The 2019 China Collegiate Programming Contest Harbin Site

It was a bad game. It was an iron fight. After the game, it was almost filled with a silver medal (silver is faster than hand speed). It was really too little experience. Come on!

J. Justifying the Conjecture

( Question: Ask if a number can be broken down into one \(x\) and one \(y\) so that \(x\) is prime and \(y\) is a total.

( Solution: Check-in questions, for even numbers greater than 2 can obviously be split into 2+an even number, odd numbers greater than 5 can be split into 3+an even number, other special judgments on the line.

K.Keeping Rabbits

( Topic: n numbers, the probability of each number increasing is \(\frac{a_i}{\Sigma_j}\), ask the expectation of each number i n k days

( Question: It's easy to know that the expected growth of each number is fixed every day (proportionally), so all you need to do is add \(frac{ka_i}{\Sigma_j}\) to each number.

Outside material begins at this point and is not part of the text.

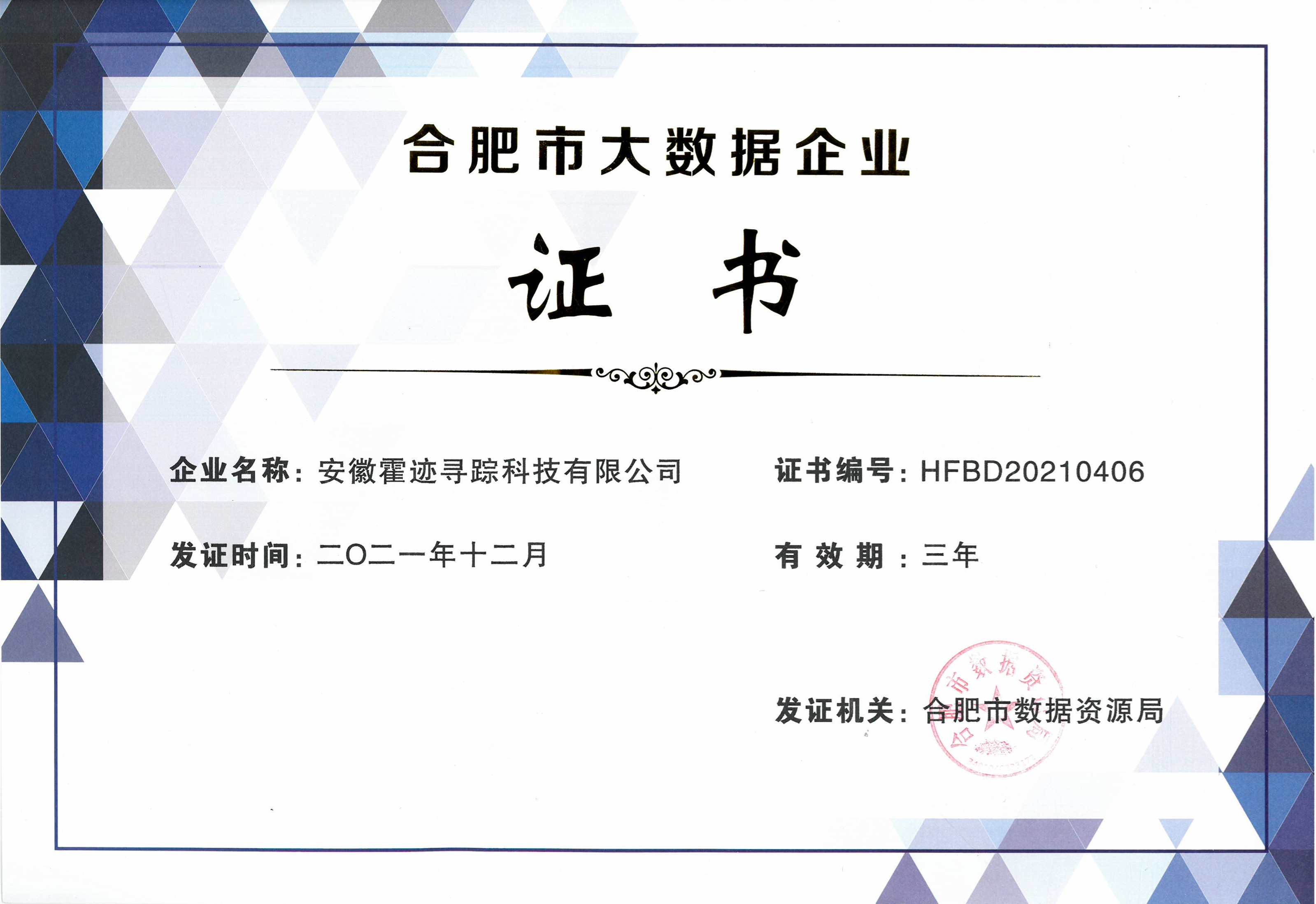 2021年12月,安徽霍迹寻踪科技有限公司荣获《合肥市大数据企业》证书,象征着霍迹寻踪在大数据方面的努力得到了合肥市数据资源局以及大数据市场的肯定,也是对相关机构对霍迹寻踪全体工作人员的鼓励。

( In fact, this question can directly observe the data for two days and guess the result directly, which can save time.

F.Fixing Banners

( Title: Six strings in which you can pick any letter and ask if you can spell the selected letters into "harbin"

( Solution: Direct processing of six letters of h,a,r,b,i,n i n six strings. Violent enumeration of the letters selected for each string or pressure dp can be resolved.

( Checking in imagination is also a talent in the competition, and the compiler will only be effective if it compiles and debugs!!! (wastes half an hour to find the output error result is not compiled)

I.Interesting Permutation

( Meaning: For an array \(a[i]\), define \(f[i]\) as the maximum number of the first i, \(g[i]\) as the minimum number of the first i, \(h[i]=f[i]-g[i]\), and now give \(h[i]\), ask for the possible alternatives to \(a[i]\).

( Solution: Consider the relationship between \\(h[i]\\\\\(h[i]\\\\\neq h[i-1]\\[i]]\\\\\\\neq h[i-1]\\\\\\\Drop one.

( The examination ground was too obsessed with using violence to draw a beautiful conclusion. In fact, it can be deduced by division of labor, some people write violence and some people think about mathematical deduction. Moreover, in mathematical derivation, I have always been obsessed with the study of intervals with the same value of \(h[i]\), but I have not tried to classify each point into intervals. Also, there is no clear way to think about the problem and modify the original code directly (you should back up the original code and copy and paste the available code to help refactoring). We made several serious mistakes on the examination ground:

Each set of data is return ed before it has been read. You can read and process the data later
Data Range Issue: long long is ACMer's pain

We can only say that we have insufficient experience in problem-solving, insufficient team integration and more intensive training.

Code:

#include<bits/stdc++.h>
using namespace std;
typedef long long LL;
int t,h[100005],n;
const int MOD=1000000007;

void solve()
{
    cin>>n;
    for(int i=1;i<=n;i++)
        scanf("%d",&h[i]);
    if(h[1]!=0||h[n]!=n-1) {puts("0"); return ;}
    int sum=0;LL ans=1;
    for(int i=2;i<=n;i++)
    {
        if(h[i]<h[i-1]) {puts("0"); return ;}
        if(h[i]==h[i-1]) {ans=(ans*sum)%MOD;sum--;}
        else {sum+=h[i]-h[i-1]-1; ans=(ans*2)%MOD;}
    }
    printf("%lld\n",ans);
    return ;
}

int main()
{
    cin>>t;
    while(t--)
        solve();
    return 0;
}

E. Exchanging Gifts

( Idea: Find out the maximum number of possible positions for an array that are different from the original array for values at the same location after the exchange order. There are two representations of arrays, one is given directly, and the other is the connection of the first two arrays.

( Question (what I do): First consider any array that can be given directly. In fact, this result is only related to the number of elements that occur most often. If it is not half as large as the length of the array \(len\), the answer must be \(len\), otherwise the result can be deduced \(2*(len-maxcnt)\). We only need to count the number of elements that require the array to be present the most. By pushing down from \(n\) to \(1\) like a segment tree, you can break down \(s_n\) into a combination of directly given arrays and directly find out the number of all elements of \(s_n\). Read-in optimization is required here.

( I find that there is a really big gap between reading and reading. Within this data range, optimized fast reading is six times faster than unoptimized fast reading, and scanf is even more miserable. Also, I've been doing poorly in detail before. Although memset is fast, it still seems to be a waste of time when there is a lot of data, not as fast as for loop reset. I used to think complexity was okay, cards were often useless, so I think it's time to change that.